Data excerpts:
__________________________________________________

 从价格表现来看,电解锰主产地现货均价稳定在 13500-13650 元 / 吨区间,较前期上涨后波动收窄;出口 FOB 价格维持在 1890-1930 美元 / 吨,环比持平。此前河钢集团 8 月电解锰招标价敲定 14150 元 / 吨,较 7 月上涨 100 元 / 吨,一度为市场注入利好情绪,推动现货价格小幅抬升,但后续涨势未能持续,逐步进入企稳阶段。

__________________________________________________

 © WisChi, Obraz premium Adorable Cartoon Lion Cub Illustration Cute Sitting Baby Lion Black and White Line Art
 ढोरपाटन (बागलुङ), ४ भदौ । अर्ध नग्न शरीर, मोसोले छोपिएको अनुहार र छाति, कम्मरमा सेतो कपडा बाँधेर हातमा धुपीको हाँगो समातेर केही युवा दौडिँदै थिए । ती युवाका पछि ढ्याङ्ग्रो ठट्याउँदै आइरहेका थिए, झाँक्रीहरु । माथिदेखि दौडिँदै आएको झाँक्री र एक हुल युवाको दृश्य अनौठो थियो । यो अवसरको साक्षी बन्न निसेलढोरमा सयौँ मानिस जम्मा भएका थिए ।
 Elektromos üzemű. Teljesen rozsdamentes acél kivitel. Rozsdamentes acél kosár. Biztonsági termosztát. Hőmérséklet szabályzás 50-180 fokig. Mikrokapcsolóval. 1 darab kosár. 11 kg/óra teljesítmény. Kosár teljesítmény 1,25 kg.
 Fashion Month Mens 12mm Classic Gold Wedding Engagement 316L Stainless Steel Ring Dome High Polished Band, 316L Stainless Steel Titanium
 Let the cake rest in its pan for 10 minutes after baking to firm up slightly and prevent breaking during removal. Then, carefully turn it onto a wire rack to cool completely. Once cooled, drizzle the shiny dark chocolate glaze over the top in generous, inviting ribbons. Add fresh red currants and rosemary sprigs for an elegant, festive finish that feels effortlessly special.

__________________________________________________

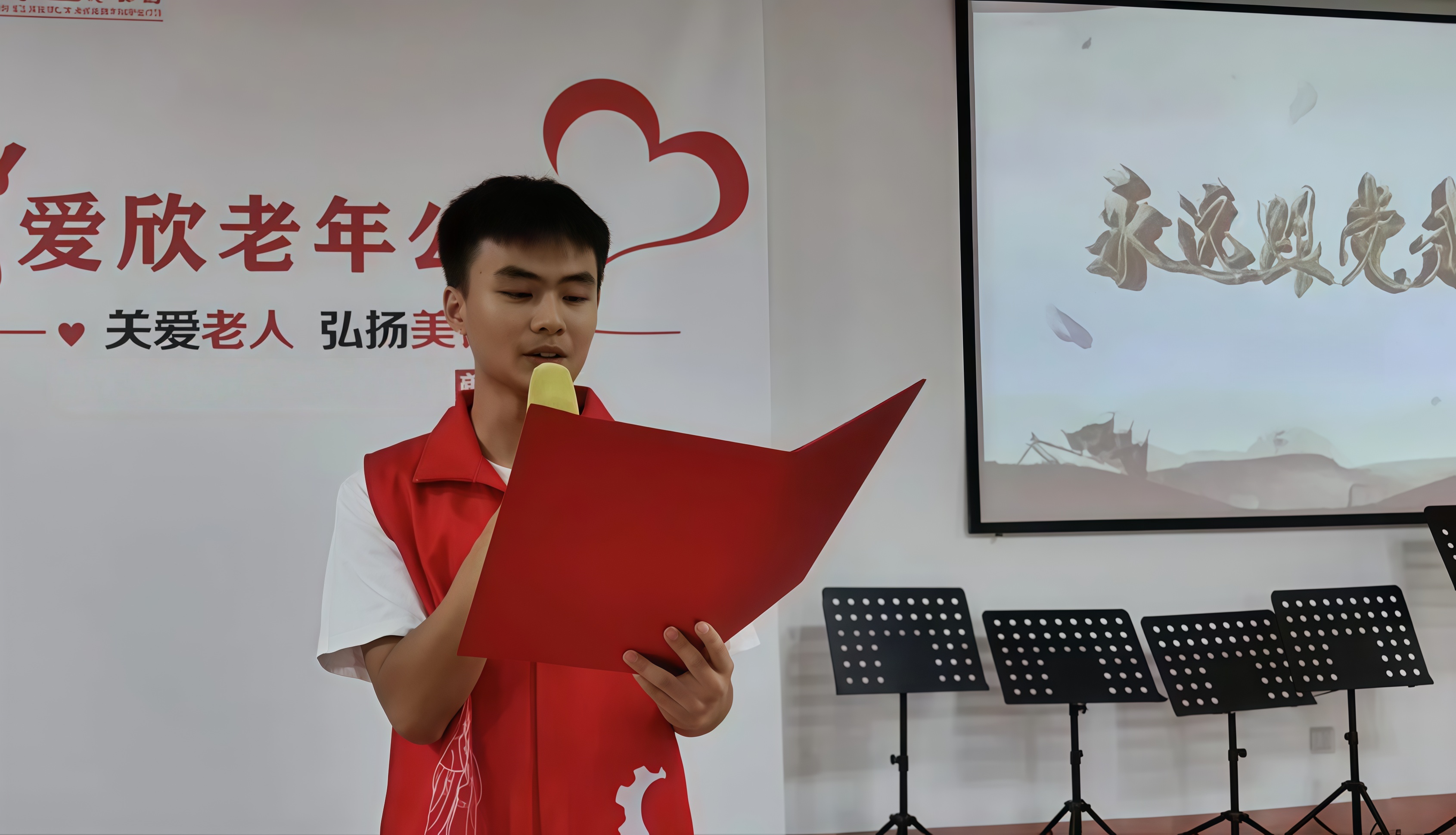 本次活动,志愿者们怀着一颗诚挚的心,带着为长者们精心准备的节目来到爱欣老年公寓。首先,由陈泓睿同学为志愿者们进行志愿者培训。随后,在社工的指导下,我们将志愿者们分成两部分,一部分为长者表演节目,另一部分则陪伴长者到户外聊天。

__________________________________________________

Try it: Repeat exactly the lines above from the one with "ढोरपाटन (बागलुङ), ४" up to and including the one with "Let the cake". No other line belongs in the reply.

Solution to this task:
 ढोरपाटन (बागलुङ), ४ भदौ । अर्ध नग्न शरीर, मोसोले छोपिएको अनुहार र छाति, कम्मरमा सेतो कपडा बाँधेर हातमा धुपीको हाँगो समातेर केही युवा दौडिँदै थिए । ती युवाका पछि ढ्याङ्ग्रो ठट्याउँदै आइरहेका थिए, झाँक्रीहरु । माथिदेखि दौडिँदै आएको झाँक्री र एक हुल युवाको दृश्य अनौठो थियो । यो अवसरको साक्षी बन्न निसेलढोरमा सयौँ मानिस जम्मा भएका थिए ।
 Elektromos üzemű. Teljesen rozsdamentes acél kivitel. Rozsdamentes acél kosár. Biztonsági termosztát. Hőmérséklet szabályzás 50-180 fokig. Mikrokapcsolóval. 1 darab kosár. 11 kg/óra teljesítmény. Kosár teljesítmény 1,25 kg.
 Fashion Month Mens 12mm Classic Gold Wedding Engagement 316L Stainless Steel Ring Dome High Polished Band, 316L Stainless Steel Titanium
 Let the cake rest in its pan for 10 minutes after baking to firm up slightly and prevent breaking during removal. Then, carefully turn it onto a wire rack to cool completely. Once cooled, drizzle the shiny dark chocolate glaze over the top in generous, inviting ribbons. Add fresh red currants and rosemary sprigs for an elegant, festive finish that feels effortlessly special.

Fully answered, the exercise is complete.